▶ TASK BRIEF
Copy nothing but the lines below running from the line containing "Korzystając z pięknej" through the line containing "Façonnée dans un", both end lines included.

▶ PROVIDED DATA
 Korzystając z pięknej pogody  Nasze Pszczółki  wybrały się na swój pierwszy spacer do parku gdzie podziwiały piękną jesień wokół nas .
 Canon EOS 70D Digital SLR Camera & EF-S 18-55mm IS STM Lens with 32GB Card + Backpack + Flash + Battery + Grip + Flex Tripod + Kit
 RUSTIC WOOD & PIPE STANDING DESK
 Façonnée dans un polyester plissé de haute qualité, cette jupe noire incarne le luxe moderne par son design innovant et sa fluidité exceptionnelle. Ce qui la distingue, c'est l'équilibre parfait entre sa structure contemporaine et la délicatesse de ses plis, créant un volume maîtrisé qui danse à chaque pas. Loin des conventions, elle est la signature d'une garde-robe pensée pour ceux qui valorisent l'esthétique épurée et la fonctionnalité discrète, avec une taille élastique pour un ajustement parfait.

---

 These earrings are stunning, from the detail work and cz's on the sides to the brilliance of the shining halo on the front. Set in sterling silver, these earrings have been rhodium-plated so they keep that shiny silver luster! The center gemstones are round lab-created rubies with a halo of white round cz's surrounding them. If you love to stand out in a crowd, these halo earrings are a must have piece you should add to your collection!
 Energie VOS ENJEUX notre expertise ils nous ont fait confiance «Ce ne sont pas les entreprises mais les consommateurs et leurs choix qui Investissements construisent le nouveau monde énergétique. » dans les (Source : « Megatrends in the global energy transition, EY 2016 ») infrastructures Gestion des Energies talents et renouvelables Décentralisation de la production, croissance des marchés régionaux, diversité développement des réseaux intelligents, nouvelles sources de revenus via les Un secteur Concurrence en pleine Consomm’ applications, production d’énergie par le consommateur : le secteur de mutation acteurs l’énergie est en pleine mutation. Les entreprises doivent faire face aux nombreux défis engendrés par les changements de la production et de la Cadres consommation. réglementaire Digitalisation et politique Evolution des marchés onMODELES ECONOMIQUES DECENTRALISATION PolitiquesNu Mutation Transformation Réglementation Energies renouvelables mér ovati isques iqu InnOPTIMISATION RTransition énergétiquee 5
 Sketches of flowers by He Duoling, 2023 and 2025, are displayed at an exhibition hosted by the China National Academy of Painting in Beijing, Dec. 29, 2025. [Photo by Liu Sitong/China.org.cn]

▶ RESULT BELOW
 Korzystając z pięknej pogody  Nasze Pszczółki  wybrały się na swój pierwszy spacer do parku gdzie podziwiały piękną jesień wokół nas .
 Canon EOS 70D Digital SLR Camera & EF-S 18-55mm IS STM Lens with 32GB Card + Backpack + Flash + Battery + Grip + Flex Tripod + Kit
 RUSTIC WOOD & PIPE STANDING DESK
 Façonnée dans un polyester plissé de haute qualité, cette jupe noire incarne le luxe moderne par son design innovant et sa fluidité exceptionnelle. Ce qui la distingue, c'est l'équilibre parfait entre sa structure contemporaine et la délicatesse de ses plis, créant un volume maîtrisé qui danse à chaque pas. Loin des conventions, elle est la signature d'une garde-robe pensée pour ceux qui valorisent l'esthétique épurée et la fonctionnalité discrète, avec une taille élastique pour un ajustement parfait.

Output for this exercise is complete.